*** Begin section ***
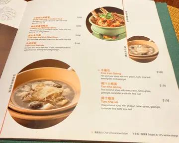 冬荫功 / 香芒糯米饭 / 黄咖喱炒蟹 / 烧猪颈肉 / 大虾炒金边粉
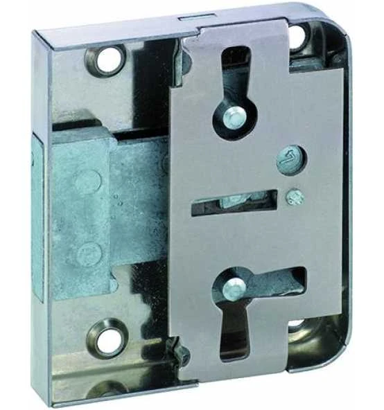 Aufliegend, mit „Dreizuhaltungsschließung“, Kasten Stahl vernickelt, rechts, links und auch unten (lad) verwendbar, 3 Zuhaltungen 1-6, 1 vernickelter Schlüssel, Bart 8 x 6 mm.
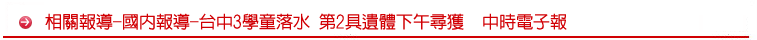 台中市太平區昨日下午大雨導致溪水暴漲,3名國小學童疑似被溪水沖走,繼今早在中投公路橋下大里溪尋獲11歲李姓男童,搜救人員沿著大肚溪往下搜尋,約14點19分在大肚溪出海口,再發現另一具男童遺體在沙灘上,經過採證後,確認為12歲陳姓男童,警方並通知陳姓男童家屬前往。
*** End section ***
Pictures stay out; print everything else in the data exactly.

→ **Task result**
 冬荫功 / 香芒糯米饭 / 黄咖喱炒蟹 / 烧猪颈肉 / 大虾炒金边粉
 Aufliegend, mit „Dreizuhaltungsschließung“, Kasten Stahl vernickelt, rechts, links und auch unten (lad) verwendbar, 3 Zuhaltungen 1-6, 1 vernickelter Schlüssel, Bart 8 x 6 mm.
 台中市太平區昨日下午大雨導致溪水暴漲,3名國小學童疑似被溪水沖走,繼今早在中投公路橋下大里溪尋獲11歲李姓男童,搜救人員沿著大肚溪往下搜尋,約14點19分在大肚溪出海口,再發現另一具男童遺體在沙灘上,經過採證後,確認為12歲陳姓男童,警方並通知陳姓男童家屬前往。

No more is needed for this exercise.